Она оторвалась от Бриджид и сообщила:

— Мне всегда очень нравилась Алиса.

— Мне тоже. Правда, сейчас уже не так. То есть да, но по-другому. Очень.

— Как думаешь, Бриджид, стоит попытаться его понять?

— Не стоит, — отвечала Бриджид. — На расшифровку одной фразы уйдет неделя, не меньше.

Накрыли на стол. Я уселся там, где разглядел свое имя, и стал смотреть на Наташу, сидевшую в противоположном конце комнаты. Улыбка через весь зал, объятия, поцелуйство с Бриджид, и вот теперь взгляды через стол развеяли нимб, оторвали крылышки — и я с тоской наблюдал, как Наташа вприпрыжку убегает из моих фантазий и занимает свое настоящее место — место живого человека в единственном известном нам мире. Пустота под ложечкой тихонько ныла.

Нам подали говяжьи отбивные под соусом из их же собственной застывшей, разогретой и успевшей снова застыть крови. Я разрезал свою отбивную на аккуратные квадратики, и в мыслях не имея их есть, затем хлебнул холодного молока и налил себе виски, предусмотрительно кем-то принесенного.

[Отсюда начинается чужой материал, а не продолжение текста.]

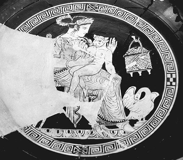 Пасифая и Минотавр. Краснофигурная вазопись на килике. 340–320 гг. до н. э.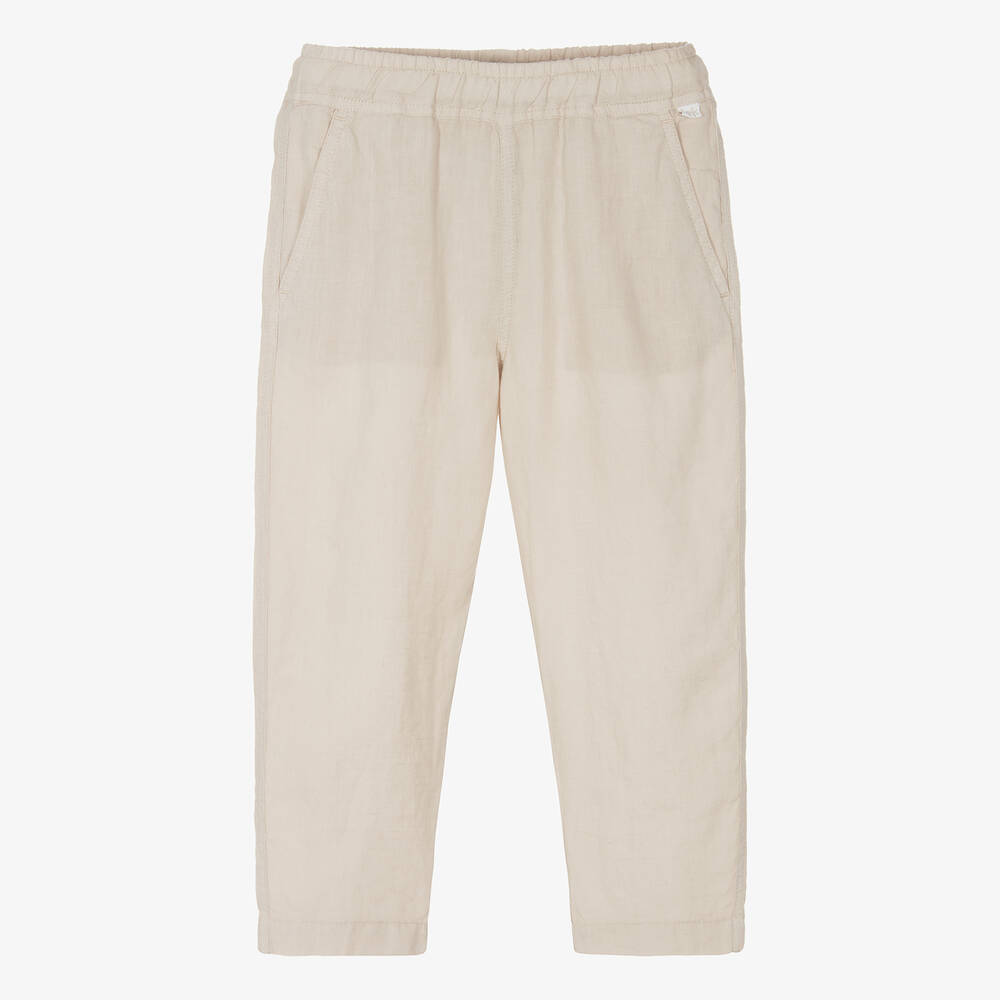 Beige linen trousers for girls from luxury brand Il Gufo, with a subtle logo tab. Great for warm weather, they are woven in pure linen, a fabric prized for its naturally soft and breathable qualities. They are designed in a stylish tapered fit, with front pockets and concealed inner drawstrings on the elasticated waist.

Вскоре за столом начали скандировать: «Даешь речь! Даешь речь!»

Я присоединился к общему хору, однако через несколько секунд мой сокомнатник Форд, он же однокашник Форд, он же старый добрый Форд — так вот, Форд ткнул меня в плечо и сказал:

— Эй, старина! — Я слышал только «Даешь речь!» — Уилмердинг! Старина! Двайт!

— Что? — очнулся я.

— «Даешь речь» относится к тебе. Речи ждут от тебя. Давай, люди уже выпить хотят, а просто так не станут.

Я поднялся, как будто всю жизнь только и делал, что толкал речи (на самом деле мне их толкать пока не приходилось), и три раза звякнул столовым ножом о высокий бокал, который предварительно опустошил. Пожалуй, я переборщил с виски. Бриджид сунула мне в ладонь блокнот.

— Хм… — Я прочистил горло и несколько повысил голос. — Хм-хм!

В столовой стало значительно тише. Народ практически замер, в глазах у многих читалось почти заинтересованное ожидание; при мысли, что каждому моему слову, чтобы достучаться до сознания целого выпуска, придется умножиться в среднем на восемьдесят пять, сердце мое забилось чаще. И это ведь еще не все пришли. Около сорока человек просто не явились, а три человека не смогли прийти по причине суицида, рака и падения с мотоцикла на скользкой дороге в Восточном Орегоне с летальным исходом — именно в такой хронологической последовательности.

— Краткость, — начал я. — Вот что написано у меня в плане речи. В конце концов, краткость — это соль жизни. По-моему, раз десять лет промелькнули как одно мгновение, будет только логично, если моя речь окажется краткой и я не задержу вас дольше, чем планировал.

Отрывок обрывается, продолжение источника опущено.